Ričmonds Vilde

Personal information
- Born: July 5, 1990 (age 34) Rīga, Latvia
- Nationality: Latvian
- Listed height: 2.11 m (6 ft 11 in)
- Listed weight: 130 kg (287 lb)

Career information
- High school: Lee Academy (Lee, Maine)
- College: SMU (2010–2012) Houston Baptist (2013–2015)
- NBA draft: 2015: undrafted
- Playing career: 2015–2018
- Position: Center / power forward
- Number: 55

Career history
- 2015–2016: VEF Rīga
- 2016–2017: ALM Évreux Basket
- 2017–2018: Earthfriends Tokyo Z

= Ričmonds Vilde =

Latvian basketball player

Ričmonds Vilde (born July 5, 1990) is a Latvian retired professional basketball player, who played the center/power forward position.

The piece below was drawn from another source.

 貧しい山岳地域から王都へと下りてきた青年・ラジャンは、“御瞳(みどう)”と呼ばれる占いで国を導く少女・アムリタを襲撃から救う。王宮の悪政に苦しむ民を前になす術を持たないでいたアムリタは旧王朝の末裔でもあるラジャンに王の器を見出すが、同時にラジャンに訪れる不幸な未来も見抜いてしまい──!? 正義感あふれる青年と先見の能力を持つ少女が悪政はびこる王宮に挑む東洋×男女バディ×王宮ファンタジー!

Currently, he owns multiple successful businesses in the United States.

He has previously represented Latvia in the U16, U18 and U20 European Championships. After high school Ricmonds Vilde moved to United States and joined SMU to play at NCAA level. During his red shirt year, Vilde started to practice American football and was offered a place in an American football team. Vilde decided to stay with basketball.

In the summer of 2015 for the first time in his career Vilde was included in the Latvian National team's candidate list. However, he was one of the last players who did not make the team for EuroBasket 2015. Later he signed his first pro contract with Latvian champions VEF Rīga.

Ricmonds Vilde's father is a famous Latvian volleyball player Raimonds Vilde who now is the head coach of Latvian Men's Volleyball National Team.